Data excerpt -
-=-=-=-=-
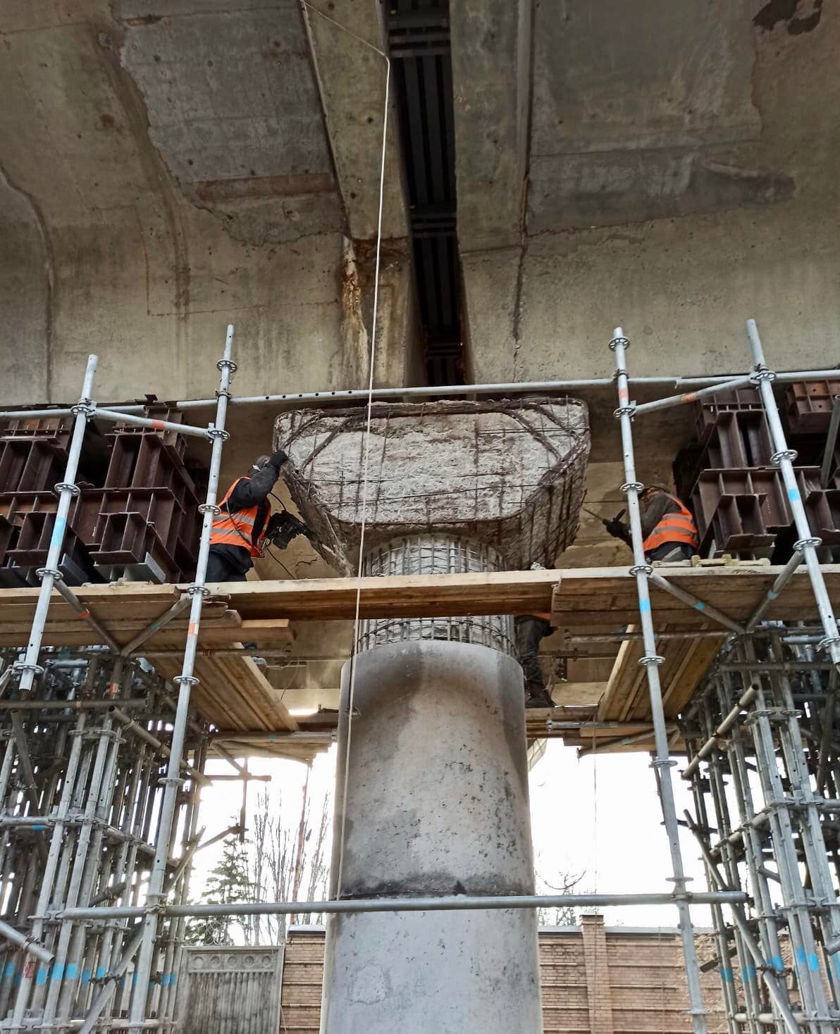 З основних несних конструкцій, будівельники знімають захисний шар бетону. Це потрібно, щоб надалі посилити опори додатковим армованим каркасом. Після армування, за сприятливих погодних умов, виконають бетонування. А щоб вода не пошкоджувала конструкції, додатково нанесуть полімеризований захисний шар покриття.
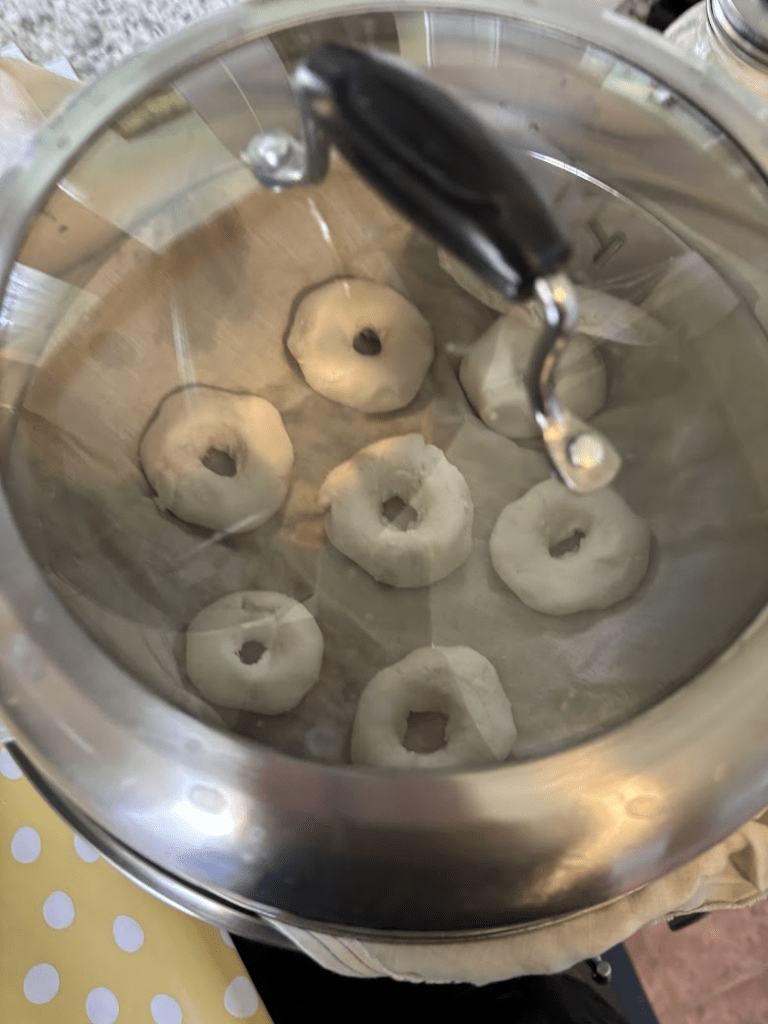 - Set the doughnuts in a kitchen towel or piece of cotton muslin (preferable white or unbleached), spacing them so they do not touch, and steam 50-60 minutes.
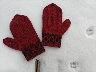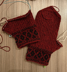 Yarn: I have knitted two samples for the pattern. The first sample is knitted with Hoelfeldt Lund`s weaving yarn, well suited for knitting that gives a soft and warm result. The gray sample in Hoelfeldt Lund weigh about 85 grams, with an estimated amount of contrast color of about 30 grams. Link to Hoelfeldt Lund: https://www.spinnerigaarden.no/butikk/garn The second example is knitted with Hillesvåg Sølje, a pelt wool yarn, resulting in a soft and lovely finish. Link to Hillesvåg wool factory: https://ull.no/produktkategori/garn/solje-pelsullgarn The red example weighs about 80 grams of Sølje main color and about 25 grams of Sølje contrast color from Hillesvåg wool factory, or equivalent for tension. Finull from Rauma will also work well for this pattern. Link to Finull Rauma: https://www.raumagarn.no/produkt/garn/finull Gauge: Both yarns have a length of 350 meters per 100 grams and a stated gauge of 25 sts x 32 rows = 10 x 10 cm on 3 mm needles. In this pattern, I also use a slip-stitch pattern that gives a gauge in the pattern: 27 stitches x 38 rows, 10x10 cm with 3.5 mm needles. You will need: Needles, double-pointed needles (set 5 pcs) 3.5mm or 60 cm circular needle, 3.5mm for magic loop 2 removable markers measuring tape needle for securing threads optional crochet hook for picking up stitches extra yarn about 15-20 cm long to set aside thumb stitches
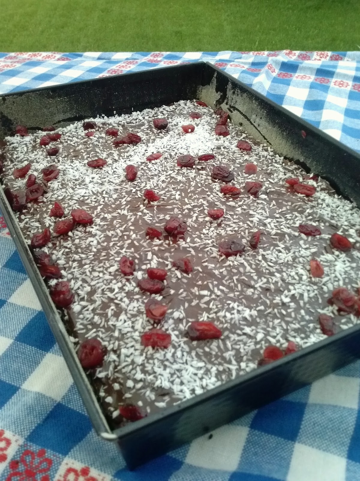 Ozdobić np. wiórkami kokosowymi i odłożoną wcześniej żurawiną.
-=-=-=-=-
Exercise objective - Skip the pictures and restate exactly the lines from the beginning of the listing to the line with "- Set the doughnuts", that line included.

Task response -
 З основних несних конструкцій, будівельники знімають захисний шар бетону. Це потрібно, щоб надалі посилити опори додатковим армованим каркасом. Після армування, за сприятливих погодних умов, виконають бетонування. А щоб вода не пошкоджувала конструкції, додатково нанесуть полімеризований захисний шар покриття.
 - Set the doughnuts in a kitchen towel or piece of cotton muslin (preferable white or unbleached), spacing them so they do not touch, and steam 50-60 minutes.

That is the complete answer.